Two weeks ago, we saw the Opposition leader, David Cameron, offering to give Ofcom a good kicking. Last week, it was the turn of his shadow culture secretary, Jeremy Hunt (acting as Robin to Cameron's Batman), attempting to dish out the treatment to Digital Britain. Or a part of it at least - its proposals touching on regional media.
The Tories clearly view Labour's media policy as an easy target - and it has created an advisory panel, with members including Elisabeth Murdoch and Greg Dyke, to help it chip away at policy faultlines.
But debate about the future of regional media, you could argue, is hardly about to set the nation's pulses racing. On the other hand, at stake is one of the central pillars of the Government's current outlook - the notion that, where the UK's media sector is concerned, the free market is basically finished.
Lord Carter's Digital Britain report assumes that, in the current economic climate, it is impossible for ITV to meet the regional news bits of its public-service broadcasting commitments.
The proposed solution is to make up the difference by dipping into a licence fee pot previously the exclusive domain of the BBC.
Just not good enough, is Hunt's response - this doesn't help create sustainable business models in regional media. His alternative blueprint involves wholescale deregulation, paving the way for the creation of Local Media Communities. Cross-media ownership rules would be relaxed, as would provisions blocking mergers and consolidation in individual sectors, notably local press.
So we'd see the emergence of LMCs offering a comprehensive service across TV, print and online content - each covering an individual city or a group of towns.
Mark Dodson, the chief executive of Guardian Media Group Regional Media, has a unique insight on this proposition. As well as being a regional publisher, GMGRM runs the local TV station Channel M in Manchester. But Channel M has been under the cosh - in April it made more than half of its 70-odd staff redundant. Dodson says: "Research shows there is an appetite for local news and information on TV. Our own experience shows that more than 300,000 people tune in to local TV each week."

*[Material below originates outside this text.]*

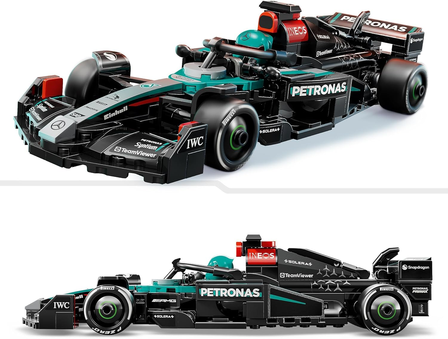 - Authentic details – This LEGO Mercedes car toy replicates the 2024 F1 model with sponsor stickers and wider rear tyres imprinted with “Pirelli”
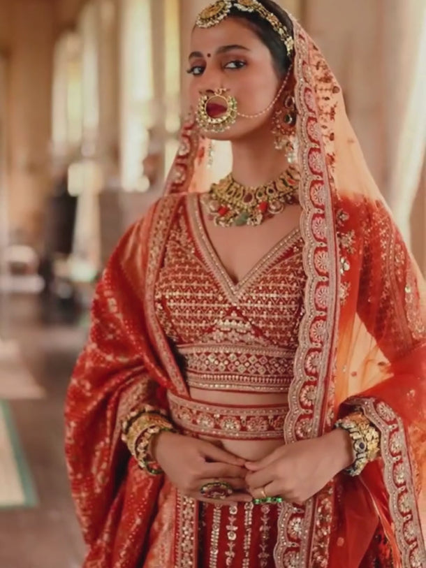 Graceful Heavy Embroidered Bridal Lehenga Choli In Silk Fabric is the ultimate blend of elegance and tradition for your big day. Made with premium-quality silk, this lehenga choli is beautifully adorned with intricate embroidery work, showcasing a sophisticated yet timeless design. The lightweight feel of the silk ensures comfort, making it perfect for hours of wear at weddings, receptions, or other festive events. This stunning bridal attire comes with a matching dupatta, adding charm and grace to your ensemble. Whether you're the bride or looking to dress up for a grand occasion, this piece is a must-have for making lasting memories.

He argues that advertising revenue can be generated to offset running costs; yet the only way to make local TV profitable - and therefore viable in the longer term - is to develop a new TV audience measurement and trading system. Barb just isn't sensitive enough to provide meaningful data on local TV audiences, he points out.
Even so, Jim Marshall, the chairman of the IPA Media Futures Group, would remain sceptical. Regional TV programming has always been an expensive luxury for ITV. He adds: "I'm mystified about how local newspaper publishers could find the revenues where ITV couldn't. There just isn't enough ad money out there."
Rachel Hall, the director of regional press and radio at ZenithOptimedia, wants to believe in the Hunt blueprint - because local and regional media remain an important part of the whole fabric of the country. But she has reservations: "Consolidation might help. If there is a criticism of local media from an advertising point of view, it's that it isn't the easiest to buy. On the other hand, we'd be wary of the emergence of monopolies. We'd want a competitive market."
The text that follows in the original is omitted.